Pour les rimes, ça va. Repos.
Velours… cochenille, un écrin,
pourpre, sanguine, cornaline,
charme
effeuillé. Jeux, cartes, livrets.
Bordeaux, carmin, pivoine,
garance, cerise, incarnat,
grenat, vermillon, nacarat.
Notés, tous les termes idoines.
Feu… grégeois ! cœur ardent, je sens
tes lèvres tes baisers, nos sangs,
matière ignée, douce flambée,
flammes, flammèches, incendies.
Joli minois, cœur de phosphore.
Lame
lame qui
lame acérée file encore
ô gorge, jusqu'à Carthage
Aurore aux doigts de rose – Céleste !
saccage
Ah ! Carthago delenda est !
(mon chant de… gorge en gage)
sous-peau.

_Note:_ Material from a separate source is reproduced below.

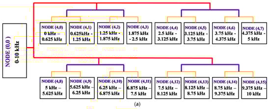 Using Equations (5)–(7), WPT decomposes each node into two sub-bands using high- and low-pass filters formed by the wavelet packet coefficients. Each coefficient is the specific parameter for each resolution in the frequency domain and thus represents the scaling parameter and oscillation component in the observed signal.

Soupons
goûtons
ces mignardises, macarons,
virevoltants jupons
dessous coquins dentelles
ces chapelets de mots perdus
dans cet afflux
flux et reflux de ces menstrues
pas de tabou car sous nos gestes
nos cœurs s’embrasent tournés vers l’Est
Groseille
griotte arbouse airelle
cassis
cerise à ton oreille
myrtille
fraises framboises sucrées
ROUGES.
5.
ROUGE PASSION
Ils recouvrent le vert de rouge
Prétendant avoir repeint le jaune en vert
Ils s’indignent de l’écarlate qui macule d’autres murs
Et tu penses devenir fou
Tu crois perdre la tête
Tes yeux te trompent-ils ?
Gare à toi si tu vois autre chose
Qu’un beau vert prairie, qu’un beau vert sapin !
Et si le pourpre devient trop vif
Si tu ne peux plus l’ignorer, s’ils ne peuvent plus le couvrir
Alors ne t’avise pas d’y voir autre chose
Qu’un furieux rouge passion
Un torride rouge amour
Et non le sang dont les barbares
(les autres ! pas eux ! pas eux !)
Remplissent les rivières
6.
Hier j’ai nagé dans un lac de sang
Vous me l’aviez demandé si gentiment :
La main sur mon épaule blanche qui pulsait
Doucement les oiseaux de la rive s’envolaient.
Hier j’ai plongé dans un lac de sang
Vous m’aviez juré que j’y tairais mes tourments
J’ai trouvé des poissons, des galets ronds et gris,
Les formes fuyantes de vos sirènes amaigries.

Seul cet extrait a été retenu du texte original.